The task
The lines from the one holding "でも、私たちにも任せてくださ" to the final line of the listing below are to be duplicated exactly, with both ends included and pictures omitted.

Source data Block Start

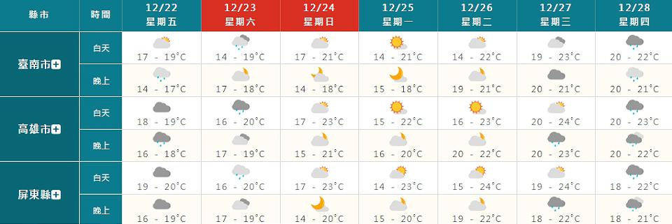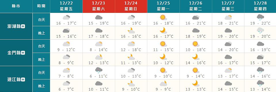 22日(五)受到寒流影響,中部以北、東北部及東部天氣非常寒冷,低溫橙色燈號地區有新北市、基隆市、台北市、桃園市、新竹縣、宜蘭縣、金門縣有持續10度左右氣溫發生的機率,連江縣有持續6度左右氣溫發生的機率。東北部、東南部地區、恆春半島及桃園以北山區有局部短暫雨,大臺北、東部地區及中南部山區亦有零星短暫雨,其他地區為多雲。
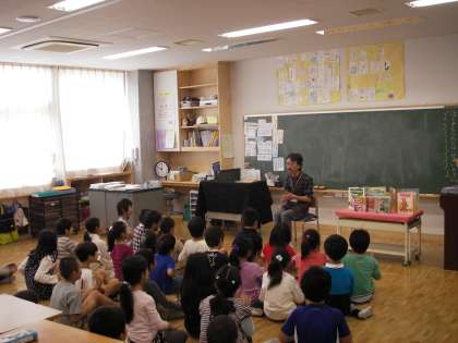 でも、私たちにも任せてください、という方がいます。図書館の方々です。2年生の3クラスに1時間ずつ読み聞かせ、お話をしてくださいました。玉川台図書館の方々は様々な本や絵を準備して京西小学校にやってきました。
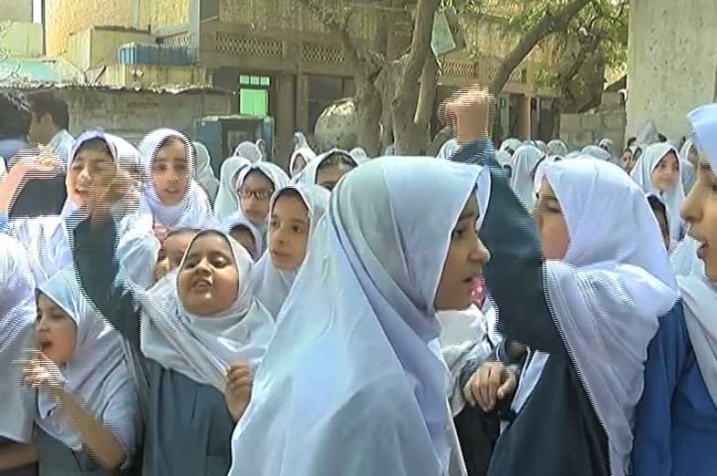 KARACHI (Dunya News) - School staff and students on Monday refused to bow down before powerful land mafia and registered protest by resuming educational activities on rubble of the 86-year-old Jufelhurst Government School. The school faculty and students also chanted slogans against the culprits involved.

Source data Block End

Output of the task
 でも、私たちにも任せてください、という方がいます。図書館の方々です。2年生の3クラスに1時間ずつ読み聞かせ、お話をしてくださいました。玉川台図書館の方々は様々な本や絵を準備して京西小学校にやってきました。
 KARACHI (Dunya News) - School staff and students on Monday refused to bow down before powerful land mafia and registered protest by resuming educational activities on rubble of the 86-year-old Jufelhurst Government School. The school faculty and students also chanted slogans against the culprits involved.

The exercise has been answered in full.